Radio / Television News

COMMENTARY: The Online Streaming Act is trying to solve a problem that doesn’t exist


Canadians don’t want government interference in our online experience. Simple surgery on Bill C-11 would help our creative economy keep flourishing.

By Irene Berkowitz

PUBLIC DEBATE ON Bill C-11, The Online Streaming Act, is nearing completion. In June, the bill passed the House of Commons. It’s being studied by the Standing Senate Committee on Transport and Communications; testimony concludes on Wednesday.

This bill impacts all Canadian content creators, both new and legacy media; the stakes are high to get this right. Some simple surgery on C-11 would go far toward allowing our burgeoning creative economy to continue flourishing.

At a C-11 conference last month, Canadian YouTube sensation J.J. McCullough nailed the bill’s most glaring misstep: that our government should regulate user-generated content in a way that will impact the business models of Canada’s new media creators. As McCullough said, “to see this success story as a problem to be solved is preposterous and unnerving; creators have a right to be concerned.”

Public policy should solve problems the market can’t. Sen. Paula Simons hit the bullseye, saying “I don’t see the problem to be solved.”

On the consumer side, as shown by recent research from our Privy Council Office, Canadians don’t want government interference in our online experience.

On the producer side, Canada’s entire creative economy is booming.
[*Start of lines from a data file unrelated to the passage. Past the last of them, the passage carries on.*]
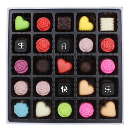| [材料] | 25颗DIY“生日快乐”巧克力,高档精美包装,净重:200克。心有多远,永远就有多远。相信有心就没有距离,爱相随,情永远。 |
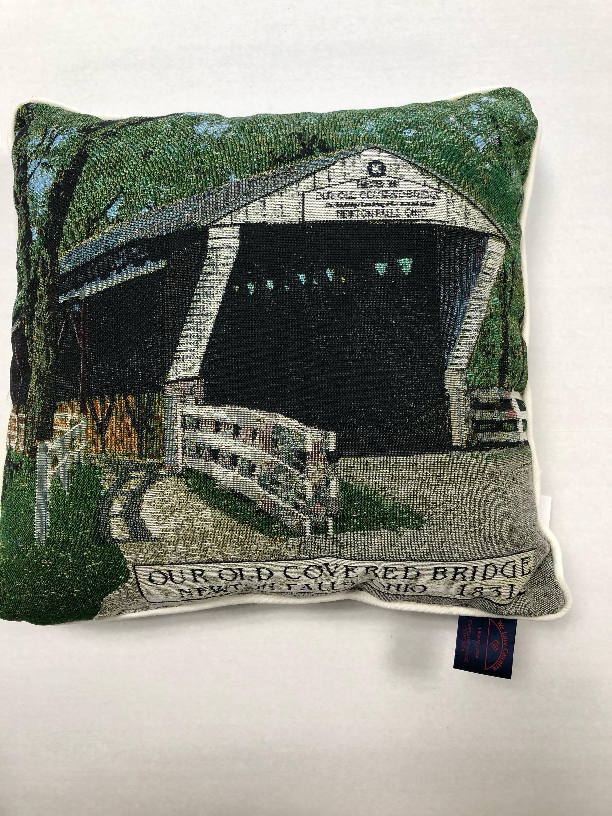 Decorative pillow showing the covered bridge over the east branch of the Mahoning River. The pillow was sold by the Newton Falls United Methodist Church. The pillow text reads: Our Old Covered Bridge Newton Falls, Ohio 1831.Inscription/Signature/Marks
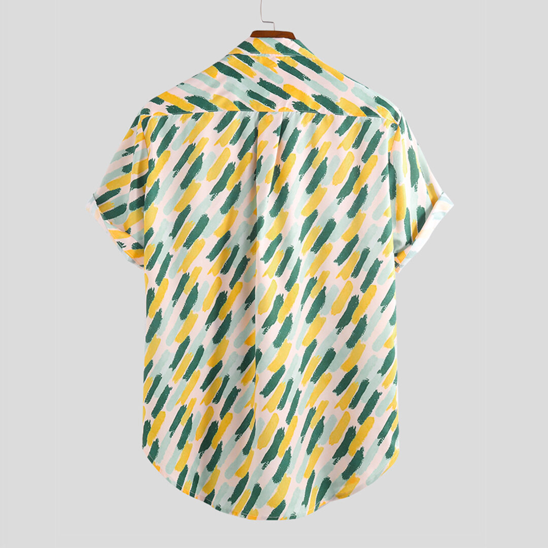Brand Name: ChArmkpR Sleeve Length: Short SleeveItem Type: Shirts Pattern Type: PrintedGender: Men Fit Type: FitStyle: Casual, Fashion Thickness: RegularCollar: Turn-down Collar Season: Spring, SummerMaterial: 100% Polyester Color: Sky Blue,YellowCuff Type: Shirt Sleeves Occasion: Leisure Package includes
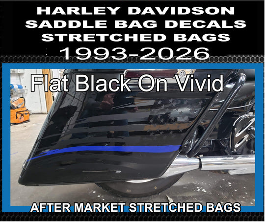 Cbcdecals- American Flag Thin Blue line AFTER MARKET STRETCHED Side Saddle bag flag Decals custom made to fit 1993-20216 Model "Harley Davidson" Touring Bikes
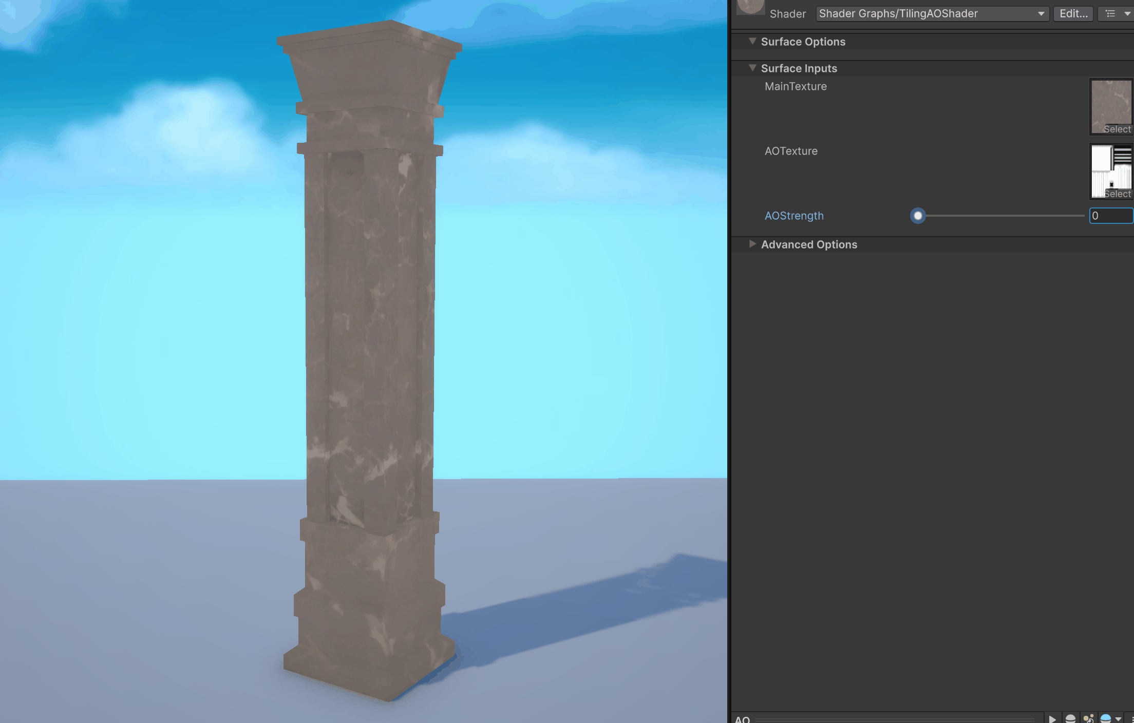 もうひとつLerpノードを使用し、今度はAOの影部分(黒)を任意のカラーに置き換わるようにしてみました。

User-generated content adds $1.1 billion to our GDP and 34,000 jobs annually, without receiving or requesting public funds. This entire sector is additive and complementary — not competitive to the regulated side. Its continued growth depends on unfettered access to global markets.

In legacy, more people are employed and more content is being produced than ever before. The big problem for legacy producers is the outdated policy framework. They’ve worked so hard and deserve producer-accessed, platform-agnostic funding — which many countries already have.

Reworking this framework means rethinking access, contributions and Canadian content. Sen. Leo Housakos, the Senate committee chair, observed the definition of Cancon is outdated. “If a tennis star is financed by New Balance or Nike, does that make the player less Canadian?” asked Housakos.

David Fares, Disney’s VP of global public policy, reported to the Senate committee that Disney has spent $3 billion in four years in Canada, including uniquely Canadian stories such as 2022’s “Turning Red.” Though that film is about growing up in Toronto and written by Canadian Domee Shi, it is not considered Canadian content.

The word “heritage” implies preserving positive values, not preserving antiquated entitlements. Given that the internet is a once-in-600 years disruption, many countries have made digital technologies a separate portfolio. In my C-11 podcast “The Sessions,” former CRTC chair Konrad von Finckenstein asked: “Why is the minister of heritage Canada’s minister of the internet?”

Timothy Wu, one of the world’s foremost internet authorities who coined the term “net neutrality,” warned of the dangers of government interference in content control in his 2011 book “The Master Switch.” He argued that governments are “inferior arbiters of what is good for the information industries, and recommended “checking all power deriving from the control of information” because granting “any industrial power the protection of the state” inhibits the innovation needed for growth.

Wu cites Canadian icon Harold Innis, who believed an open information sector is fundamental to democracy because it concerns speech — meaning information industries are special because they decide who gets heard in a society. Hello, Bill C-11.

Why are our three categories of producers — linear, streaming and ungated — acting as frenemies? They should be close friends, strutting their remarkable data in one glorious report that makes sure C-11 works for the entire sector.

Here’s one simple idea that may help cut through some complex discussions about Canada’s media future: narrow the bill to deal with online streaming of gated content, and cleanly exclude ungated content from its scope.

Simple surgery won’t transform Bill C-11 into visionary legislation. But if it’s not done, legal challenges and massive CRTC hearings will delay benefits to legacy producers. As reported to the Senate committee, new media producers are already considering uploading their content from outside the country. The stakes are high.

Irene S. Berkowitz, PhD, is senior policy fellow at The Audience Lab, a research group in The Creative School, Toronto Metropolitan University, where she teaches. She is also executive producer and host of The Audience Lab Podcast series, The Sessions and Mediaucracy; author of Mediaucracy: Why Canada hasn’t made global hits; and lead author of Watchtime Canada: How YouTube connects creators and consumers.

This article first appeared in the Toronto Star.